The clonal selection theory of acquired immunity
Frank Macfarlane Burnet, along with David Talmage, developed a central concept in immunology that has lasted nearly 50 years. The clonal selection theory describes the mechanism by which immune cells can generate memory to a specific antigen. The development of immunity to a given infectious agent was an accepted concept but the way immune memory operated remained a mystery for many years. Central to the clonal selection theory was the generation of antibody responses to injected antigens. Each antibody recognises a specific antigen but it was unclear as to how the antigen initiated an antibody response. In the 1930-40’s it was known that a huge variety of antibodies existed, capable of recognising any given antigen. The ‘instruction theory’ was borne to explain this in chemical terms. It was thought that antigens acted as molecular templates for the production of antibody molecules. However, this chemical approach could not explain immune memory. It was later suggested that affinity for antigen was an inherent property of the immune system and the antigen was ‘selecting’ for those antibodies that already existed. Burnet and Talmage manipulated this idea of selection and realised that it was the cell producing the antibody that was selected. We now know that antibodies are produced by B cells and it was these lymphocytes that formed the basis of clonal selection.
Burnet explained the phenomena of antibody specificity in terms of his clonal selection theory in 1957. He deduced that the antibody repertoire was produced spontaneously by cells without any dependence on external antigen. That when an antibody bound to the surface of a B cell encounters antigen, only those antibodies with sufficient specificity bind that antigen and hence activate the B cell. He then concluded that only those B cells specific for the antigen proliferate and produce antigen-specific antibodies. In effect, the B cell is selected on the basis of its antigen specificity and, through cell division, produces multiple clones of its self. Importantly, some of those B cell clones become memory cells so that when the antigen is encountered at a later date clonal expansion of specific memory B cells can take place and eliminate the antigen. Immune recognition and the expansion of specific B cells is the fundamental basis of immune memory and acquired immunity.
The clonal selection theory was a pivotal landmark in immunology, but raised many more questions. How are B cells prevented from producing antibodies directed against self tissue? Peter Medawar demonstrated that tissue transplanted from a donor to a host was rejected, while tissue transplanted from the same host was accepted. The immune system somehow recognises the donor tissue as foreign (non-self) and its own tissue as self. However, non-identical bovine foetuses connected in utero share blood during development. Although they should recognise each other as ‘foreign’ they are unable to respond to each other’s tissue.

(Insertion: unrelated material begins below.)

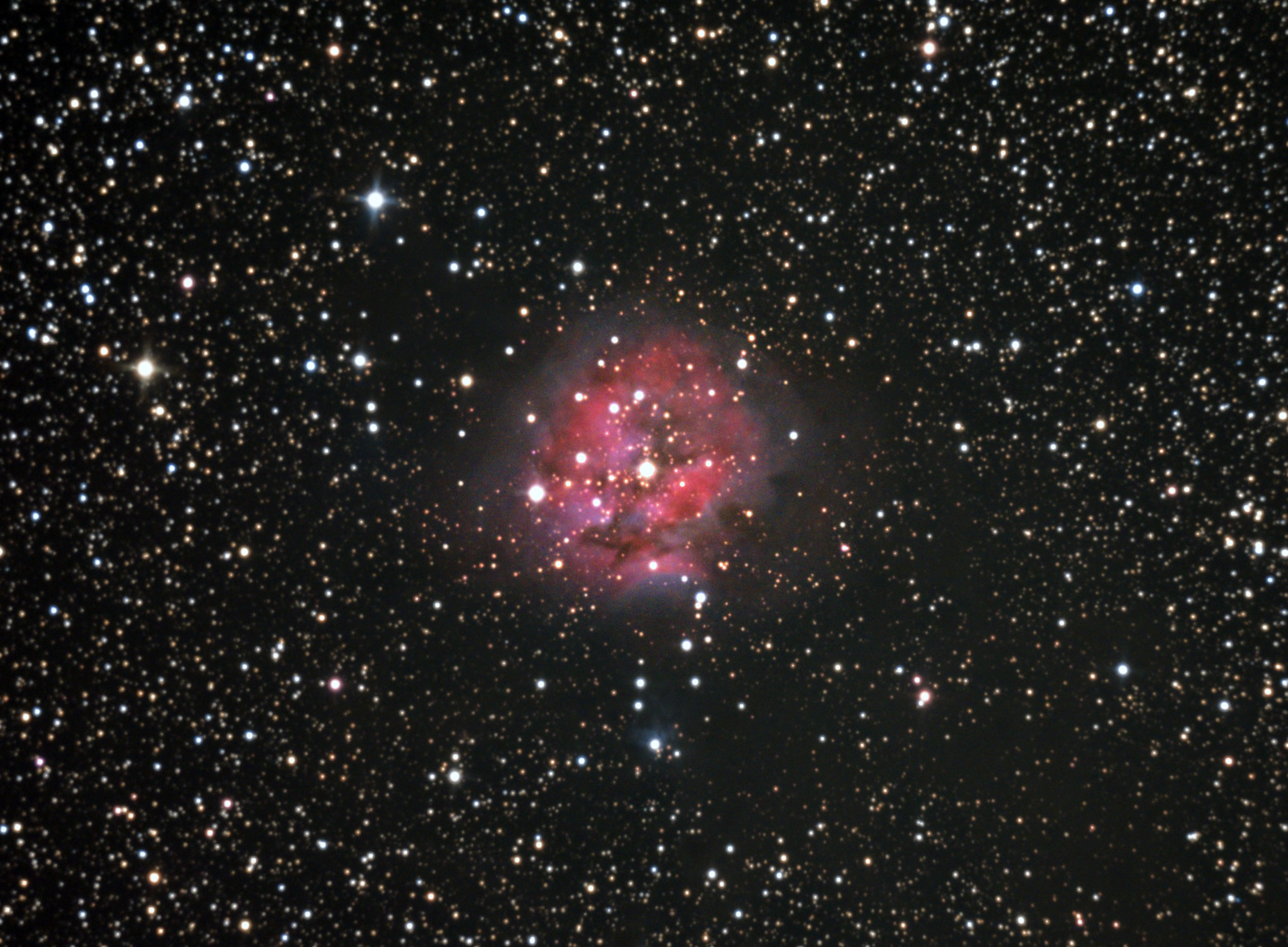 L'immagine non è a pieno formato, è stata tagliata per eliminare le zone periferiche, dove si vedeva una differenza di fondo cielo dovuta alla rotazione di campo. Con una montatura altazimutale come quella del dobson la rotazione di campo è inevitabile. L'immagine è stata elaborata senza l'ausilio di flat: nonostante ciò lo sfondo risulta uniforme, senza vignettature. Questo risultato è sempre dovuto al crop dell'immagine.

This demonstrated that immune specificity was somehow learned and not a result of predetermined genetics. The simple explanation for this is that during B cell development those B cells expressing antibodies that recognise self molecules are eliminated from the B cell pool and those with affinity for non-self survive. The clonal selection theory can also be applied to the T cell system. T cells recognise antigen in a similar way to B cells, although this antigen has been processed into small peptides. Similarly, during T cell development those T cells that recognise self peptides are killed and only those capable of recognising foreign peptides survive. This process is also referred to as tolerance to self.
How is the vast antibody repertoire generated? Like all proteins, antibodies are produced by genes. However, there are many more antibodies than there are genes. Therefore there must be a mechanism in place to generate diversity.Actually two mechanisms exist, the first being somatic mutation. Random nucleotide substitutions within antibody genes occur at the very point that translates to the antigen binding site, introducing a certain amount of variation. The other mechanism is known as genetic recombination. Antibody genes comprise three separate elements, all of which must combine to form a complete gene. Furthermore, each of these elements has many different versions so that any version of one element can recombine with any version of another element. This process is largely stochastic so that recombination results in the random generation of a large diversity of antibody molecules and hence a huge B cell population. The same mechanism occurs when generating T cell receptors. This totals to a highly variable immune cell repertoire capable of recognising a million million different antigenic motifs.
The clonal selection theory has evolved over the past 50 years and has been supplemented by new hypotheses. Of note, the ‘self versus non-self’ discrimination model has been expanded to include recognition of evolutionary conserved molecules expressed by microbes, while the ‘danger model’ of immune recognition states that immunity is only generated against a foreign antigen if accompanied by a ‘danger signal’. Instead of replacing the clonal selection theory these new hypotheses complement Burnet’s original thesis. Frank Macfarlane Burnet and Peter Medawar were awarded the Nobel Prize in Physiology or Medicine in 1960.